Monday night, one Fort Riley soldier was killed and another critically wounded during an altercation in Clay County. Tuesday morning, four people were found dead in a Parsons apartment, and that same day in southwest Kansas, an 81-year-old was found shot to death in his room at an Elkhart assisted living facility.
Wednesday morning, a woman was found dead in her Topeka home and her daughter was abducted, prompting the attorney general’s office to issue an Amber Alert. The girl was later found in Wyoming.
“I’ve been here since 1987, and I don’t remember a week like this,” Smith said.
Two of the agency’s 64 investigators have been assigned full time to the BTK serial murders in Wichita, and others deal primarily with homeland security issues. Smith said the KBI routinely investigates most killings in smaller communities, and sometimes helps with murder investigations in larger cities when asked.

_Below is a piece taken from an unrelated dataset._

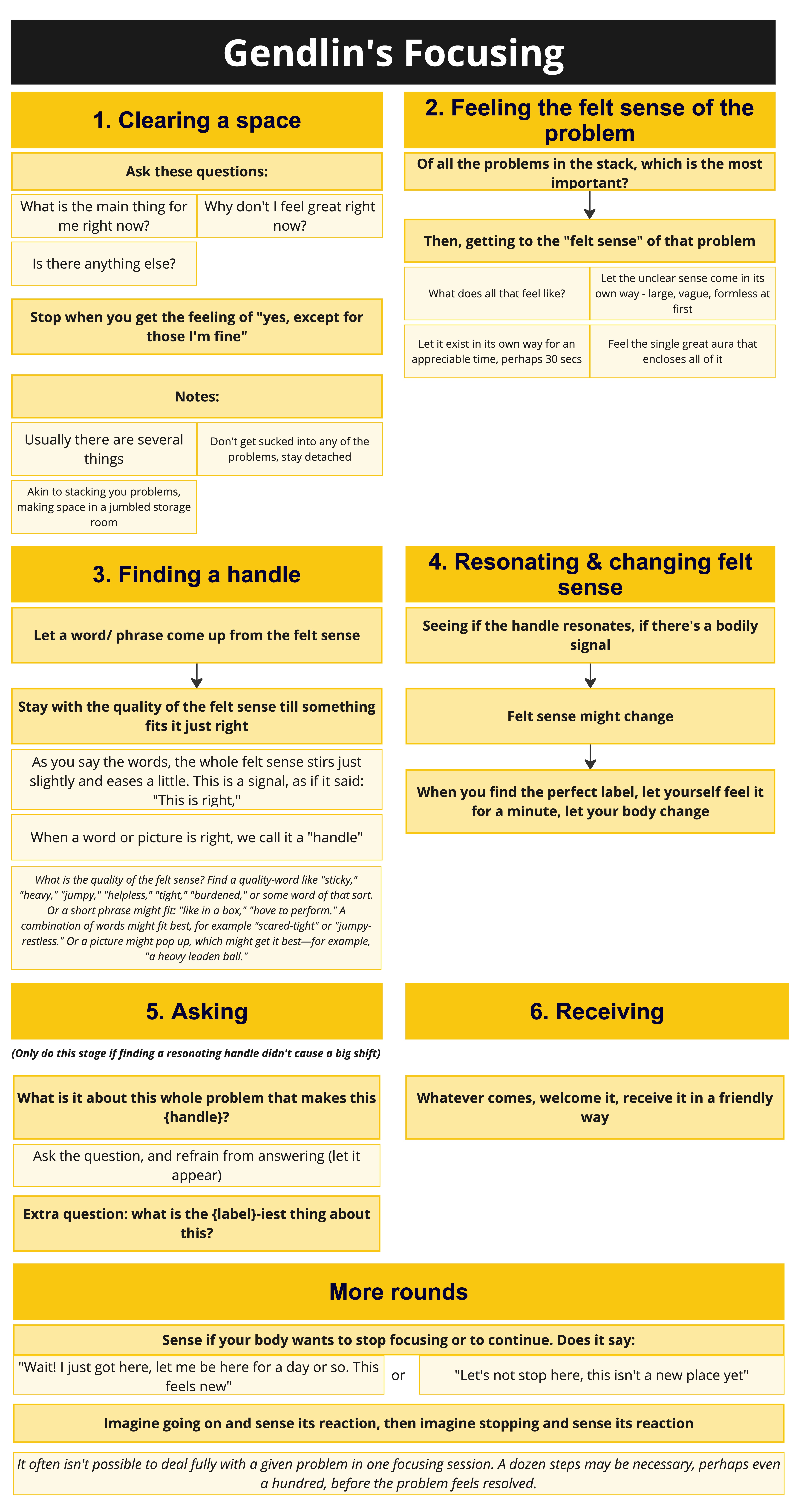 Very simple and a prerequisite to a bunch of other things. Basically the ability to notice feelings in your body, give them labels that fit, and notice a shift/update/insight. Gendlin describes Focusing as the thing that differentiates people who have success in talk therapy vs those that don’t (as some will notice when something feels off in their body, investigate and update, and others just remain in narrative land for the entire session and never update)

Republican Attorney General Phill Kline, whose office oversees the KBI, blames most of the funding problems in the agency on Gov. Kathleen Sebelius, a Democrat.
“It’s a serious concern,” Kline said. “We have several vacancies over there we need to fill. My budget has gone from $6 million from the state general fund when I came into office to $3.8 million. We have people working harder, and we’re spending less on travel and furniture, being more efficient.
“I’m rowing the boat when it comes to tough economic times.”
Kline criticized Sebelius’ veto of funding to create a white-collar crime division in his office, while the governor’s office budget skyrocketed.
“The KBI over a period of years has not been a budget priority, and we need to change that,” Kline said.
Sebelius spokeswoman Nicole Corcoran said the governor believes the KBI is adequately funded.
“Gov. Sebelius believes keeping Kansans safe is the highest priority of government at every level,” Corcoran said. “So she’s enhanced funding for the Kansas Highway Patrol, the state’s first line of defense, she’s providing millions of dollars for homeland security, and she’s increased state funds each year to support the KBI’s investigative units.”